Registre-se que a União
tem competência para editar normais gerais, enquanto os Estados e Municípios
podem estabelecer suas regras, desde que não conflitem com as disposições
gerais de lei federal, haja vista tratar-se de competência concorrente sobre
direito urbanístico (art. 24, I e §§ 1º a 4º, Constituição Federal
de 1988).
A diferença básica entre
loteamento e desmembramento é que, no primeiro, abrem-se novas vias e
logradouros públicos, enquanto no segundo não. No presente artigo, contudo,
ater-se-á à figura dos loteamentos, particularmente os irregulares.
O interessado em
promover um loteamento do solo urbano deve, desde que não sujeito o terreno a
ser parcelado às restrições impeditivas dos incisos I a V do art. 3º da Lei 6.766/79, apresentar projeto à
Prefeitura Municipal ou ao Distrito Federal, com a obediência dos requisitos
dos artigos 4º, 5º e
6º da Lei do Parcelamento do Solo Urbano.
O projeto será aprovado
pelo Distrito Federal ou Município (art. 12, Lei 6.766/79) e pelos Estados nos
casos excepcionais previstos nos incisos I a III do art. 13 da Lei 6.766/79.
É requisito básico que o
parcelador ou loteador, evidentemente, seja o proprietário da gleba original,
pois a ninguém é dado parcelar solo de propriedade alheia . Outra consideração
relevante é que, ainda que nominado "condomínio" ou
"rural", se a atividade se enquadrar na previsão legal alusiva ao
loteamento, deste será a natureza jurídica do empreendimento.
Note-se que o instituto
de direito civil denominado condomínio pressupõe uma co-propriedade dividida em
frações ideais, mas, quando efetivamente dividida uma gleba em lotes fisicamente
individualizados, objeto de propriedade individual exclusiva e distinta, resta
prejudicado o rótulo de propriedade condominial. Como
abertas novas vias dentro da gleba original, parcelada a gleba em lotes
perfeitamente definidos e fisicamente individualizados, objeto de domínio
exclusivo pelo adquirente do lote, está-se falando de uma modalidade de
parcelamento do solo denominada loteamento,
por força de expressa disposição legal (art. 2º., § 1º., Lei Federal nº.
6.766/79).
O loteamento não é
rural, ainda que assim denominado, se não se destina à exploração agrícola,
agro-pastoril ou extrativista mineral.
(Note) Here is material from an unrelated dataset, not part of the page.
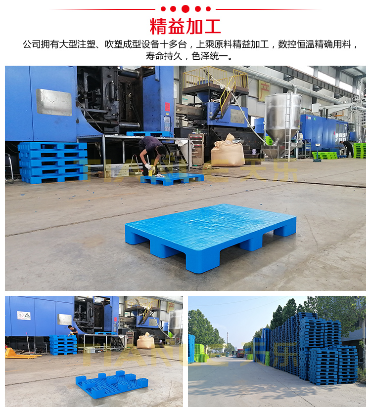4、托盤四面進叉,適合平地、堆垛、貨架、叉車周轉貨物使用。
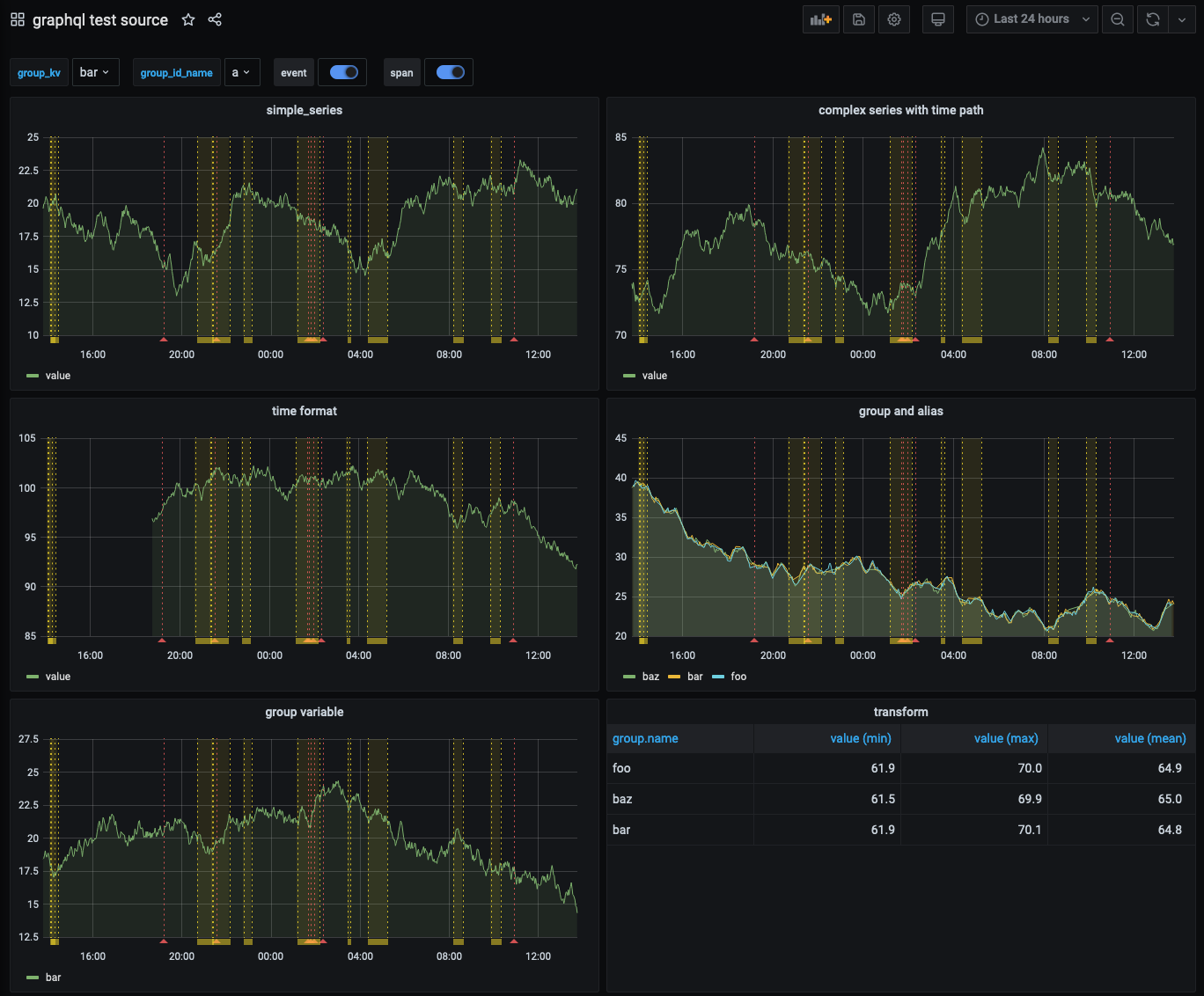 This is a sample dashboard demonstrating the features of the GraphQL datasource plugin. It uses the FIFEmon GraphQL test source server

Se se volta à ocupação nitidamente
urbana, reger-se-á pelos ditames da Lei 6.766/79. O título "Condomínio
Rural "geralmente é empregado pelo loteador com o propósito de evadir-se
às exigências da Lei nº. 6.766/79, quando encobre nítida finalidade urbana.
Podem-se resumir as
providências necessárias para a regularização ou a implantação legal de um
loteamento urbano, conforme as exigências da Lei Federal nº. 6.766/79: o
loteador deve submeter o projeto do parcelamento à prévia aprovação do Distrito
Federal ou Município, obter o licenciamento ambiental, se o caso, e, depois de
aprovado, promover o registro do loteamento no Cartório do Registro de Imóveis,
quando, e somente a partir desse momento, poderão ser alienados os lotes a
terceiros, como segue dos seguintes preceitos:
Reza o artigo 12 da Lei
nº. 6.766/79 (Lei de Parcelamento do Solo): "O projeto de loteamento e desmembramento deverá
ser aprovado pela Prefeitura Municipal, ou pelo Distrito Federal...".
Dispõe o artigo 18 do
mesmo estatuto: "Aprovado o projeto de loteamento ou de
desmembramento, o loteador deverá submetê-lo a registro imobiliário dentro de
180 (cento e oitenta dias), sob pena de caducidade da aprovação...".
Já o artigo 37 do mesmo
diploma legal assevera: "É vedado vender ou prometer vender parcela de
loteamento ou desmembramento não registrado ".
Prevê ainda o art. 50,
I, da Lei Federal nº. 6.766/79:
"art. 50 -
Constitui crime contra a Administração Pública: I - dar início, de qualquer
modo, ou efetuar loteamento ou desmembramento do solo para fins urbanos, sem
autorização do órgão público competente, ou em desacordo com as disposições
desta Lei ou das normas pertinentes do Distrito Federal, Estados e Municípios
".
Ainda, reza o art. 52 da
Lei no. 6.766/79:
"art.
52 - Registrar loteamento ou desmembramento não aprovado pelos órgãos
competentes, registrar o
compromisso de compra e venda, a cessão ou promessa de cessão de direitos,
ou efetuar registro de contrato de compra e venda de loteamento ou
desmembramento não registrado.
Pena: detenção, de 1
(um) a 2 (dois) anos, e multa de 5 (cinco) a 50 (cinqüenta) vezes o maior
salário mínimo vigente no País, sem prejuízo das sanções administrativas
cabíveis ".
No mesmo compasso, o
artigo 167, I, 19, da Lei no.6.015, de 31.12.73 (Registros Públicos), dispõe: "No
Registro de Imóveis, além da matrícula, serão feitos... I - o registro ... 19)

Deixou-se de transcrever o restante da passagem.